“I will always find my way home”: Ukraine’s participation in Eurovision unites the nation

Ukrainian band Kalush Orchestra’s melodic and upbeat entry for this month’s Eurovision Song Contest was written as a tribute to the leader’s mother.

But now it has become an anthem for the homeland of the nation ravaged by war since the Russian invasion of Ukraine.

Stefania is the most viewed song on YouTube among the 35 national entries that will compete in the Eurovision Song Contest next week in the northern Italian industrial city of Turin.

While some bookies and data analysts have pegged others to win, the Kalush Orchestra song is fast becoming a sentimental favourite.

“I will always find my way home, even if all roads are destroyed,” wrote Oleh Psiuk, leader of the Kalush Orchestra, in Stefania.

The lyrics have become more poignant as Russian missiles hit cities and towns in Ukraine, forcing more than 11 million people to flee the country.

“In fact, some things here were written long before the war, and they were dedicated to my mother,” Psiuk told the Associated Press at his hotel in Turin, wearing a bright bucket hat that makes him instantly recognizable to anyone who happens to be around. transmitted Stefania. .

video of the day

“After it all started with war and hostilities, it took on additional meaning and many people began to see it as its mother, Ukraine, in the meaning of the country. He has become very close to the hearts of so many people in Ukraine,” she said.

“Our purpose is to make Ukrainian music popular, not only in Ukraine but throughout Europe. And Eurovision is the best platform for that.”

The band members mix break dancing with Hopak, a Ukrainian folk dance, in an energetic performance punctuated with rap interludes by Psiuk.

Costumes feature embroidered Cossack shirts and vests mixed with contemporary street wear.

Psiuk and five bandmates, all men between the ages of 21 and 35, received special permission from the Ukrainian authorities to travel to Turin to participate in Eurovision, travel overland to Poland, and then fly to Italy.

An original gang member stayed behind to fight.

Psiuk, 27, left behind a network of volunteers he organized two days after the war to help deliver logistical aid to people across Ukraine seeking shelter or transportation.

Everyone will return to Ukraine when the song contest is over.

“We feel a great responsibility,” Psiuk said.

“It is very important for us to be as useful as possible for the country. We want to represent our country decently.”

Kalush Orchestra is more than a musical group.

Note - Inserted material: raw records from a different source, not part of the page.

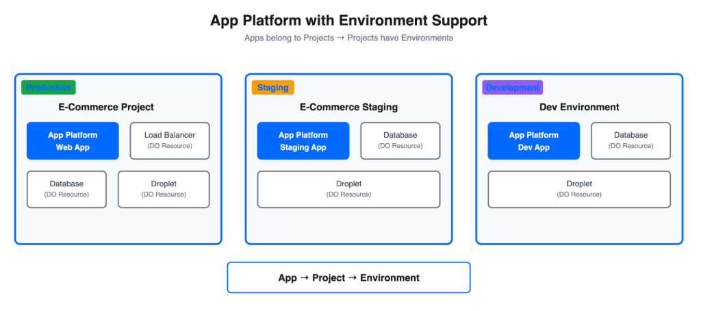 DigitalOcean 近期宣布一种全新的强大方式来应对这种复杂性:**DigitalOcean App Platform (应用托管平台)现已支持环境管理(Environment Support)**,该功能基于 DigitalOcean Projects 实现。同时,我们还推出了 App 克隆(App Cloning) 功能,只需点击几下即可复制你的应用。
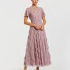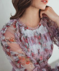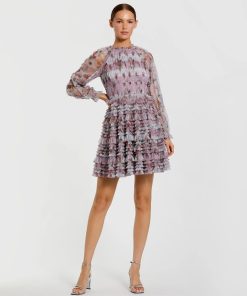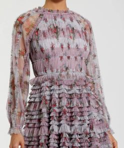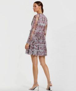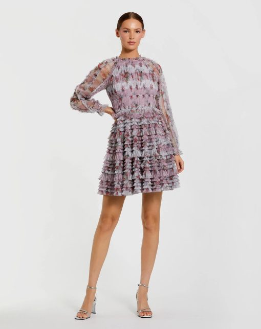 Featuring a romantic floral print, delicate sheer long sleeves, and a playful ruffle tiered skirt, this dress is perfect for daytime events and cocktail parties.
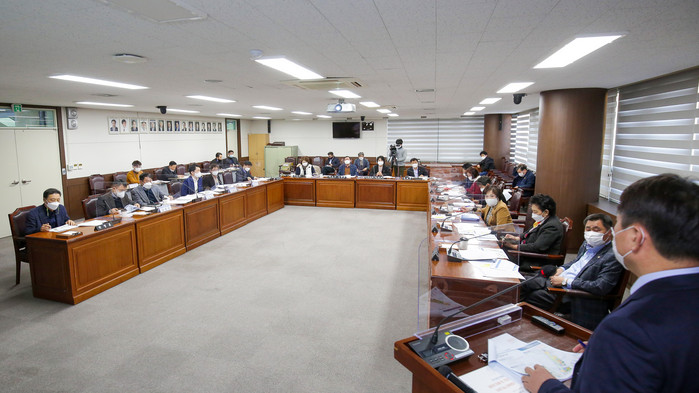 | ▲ 안산시의회 도시환경위원회가 15일 의회 대회의실에서 장상지구 공공주택사업 자족기능 강화 용역 설명회를 열고 있다.(사진=안산시의회) |
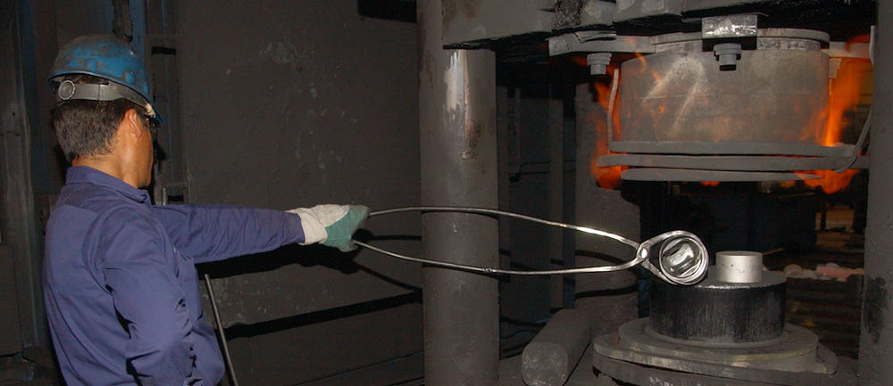 Bill Miller Engineering contracts with Aluminum Precision Products, a specialty foundry in Santa Ana, California for its piston and connecting rod forgings. Shown here is an APP working removing a BME 2618 aluminum piston forging. At right, waiting for the forge to cycle is a section of 2618 bar stock. The forging die is inside the flaming upper part of the forge. The temperature is 800°F. The forge applies 18,000 tons of pressure. Image: BME
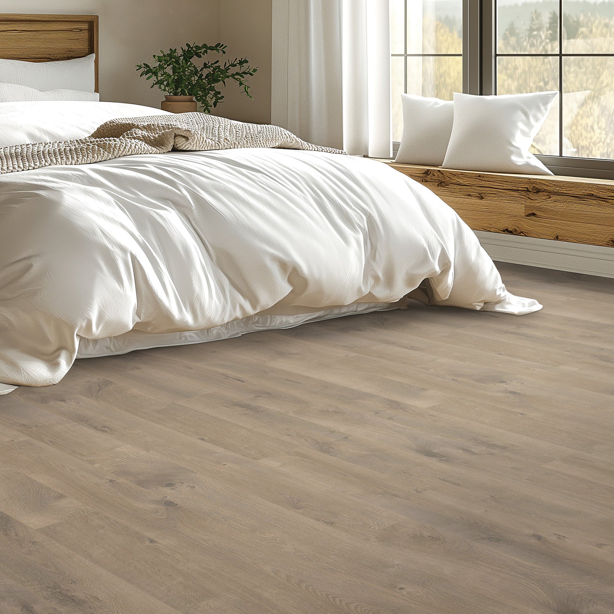 Birkhall Landing 7.5" Waterproof Laminate combines elegant design with practical durability, perfect for households with pets. Its waterproof surface ensures easy cleaning and resistance to spills, while the wide planks provide a luxurious, spacious feel. This flooring offers a refined look without compromising on toughness, making it an ideal choice for sophisticated homes that demand both style and functionality.
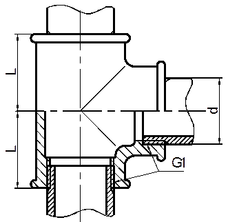 - для полностью завинченной трубы за торец соединительной части (фитинга) выходит только сбег резьбы (на чертеже он изображается тонкой наклонной линией);
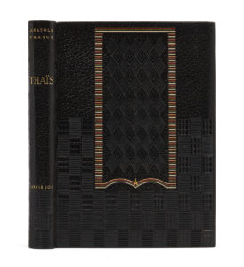 [JOU].- FRANCE (Anatole) — Thaïs. — [Paris], Les Cent bibliophiles, 1924. — In-4 (28,7 x 18,7 cm), maroquin noir, sur la moitié inférieure des plats décor à froid alternant de bandes horizontales avec de petits rectangles verticaux, au...

It is a cultural project that includes folklore scholars and deliberately combines hip hop with traditional Ukrainian music, dance and costumes, some long forgotten, according to Psiuk.

The six-month project takes its name from Psiuk’s hometown of Kalush, which is located in the Carpathian Mountains, south of the western city of Lviv. It is an evolution of the original Kalush hip hop group that Psiuk also fronted.

Ukraine first joined the Eurovision Song Contest 19 years ago.

He has won twice since then, both times with songs performed primarily in Ukrainian: by Ruslana in 2004 and Jamala in 2016.

Psiuk attributes Ukraine’s success to the “peculiar character of our music.”

“I really hope that after we perform it at the Eurovision Song Contest, Ukrainian music will be even more popular and listened to,” he said.